*WHAT THE EXERCISE ASKS*: Reproduce the whole listing exactly and let no picture into the copy.

START SUPPLIED INFORMATION

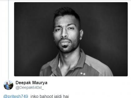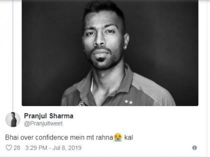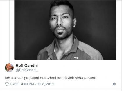 लंडन, आयसीसी वर्ल्ड कप 2019 : भारत आणि न्यूझीलंड यांच्यामध्ये उद्या उपांत्य फेरीचा सामना रंगणार आहे. या सामन्यासाठी भारतीय संघाने आज कसून सराव केला. पण काही दिवसांपूर्वी भारताचा अष्टपैलू खेळाडू हार्दिक पंड्याने एक 'टिक टॉक'चा व्हिडीओ पोस्ट केला होता. त्यानंतर आता सामन्याला काही तासांचा अवधी आहे, असे त्यानंतरच्या पोस्टमध्ये लिहिले आहे. या पोस्टवरून पंड्या ट्रोल झाला आहे.
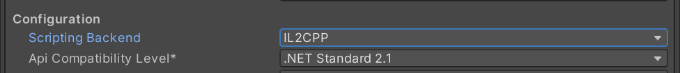 호환성을 위해 스크립팅 백엔드는 IL2CPP로 한다.
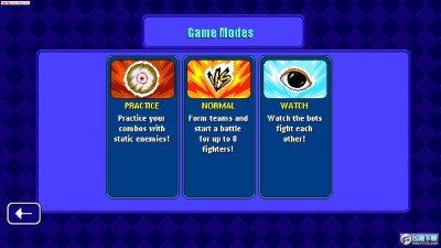4、游戏模式将分为三种,一种是训练模式,你可以在这里开发人物的连招或者熟悉他的技能,另外两种则是则是操作模式下的格斗和自动格斗模式;而在这些模式中,最多可支持8为角色同时在一个场景中进行乱斗。

END SUPPLIED INFORMATION

*EXERCISE RESULT*:
 लंडन, आयसीसी वर्ल्ड कप 2019 : भारत आणि न्यूझीलंड यांच्यामध्ये उद्या उपांत्य फेरीचा सामना रंगणार आहे. या सामन्यासाठी भारतीय संघाने आज कसून सराव केला. पण काही दिवसांपूर्वी भारताचा अष्टपैलू खेळाडू हार्दिक पंड्याने एक 'टिक टॉक'चा व्हिडीओ पोस्ट केला होता. त्यानंतर आता सामन्याला काही तासांचा अवधी आहे, असे त्यानंतरच्या पोस्टमध्ये लिहिले आहे. या पोस्टवरून पंड्या ट्रोल झाला आहे.
 호환성을 위해 스크립팅 백엔드는 IL2CPP로 한다.
4、游戏模式将分为三种,一种是训练模式,你可以在这里开发人物的连招或者熟悉他的技能,另外两种则是则是操作模式下的格斗和自动格斗模式;而在这些模式中,最多可支持8为角色同时在一个场景中进行乱斗。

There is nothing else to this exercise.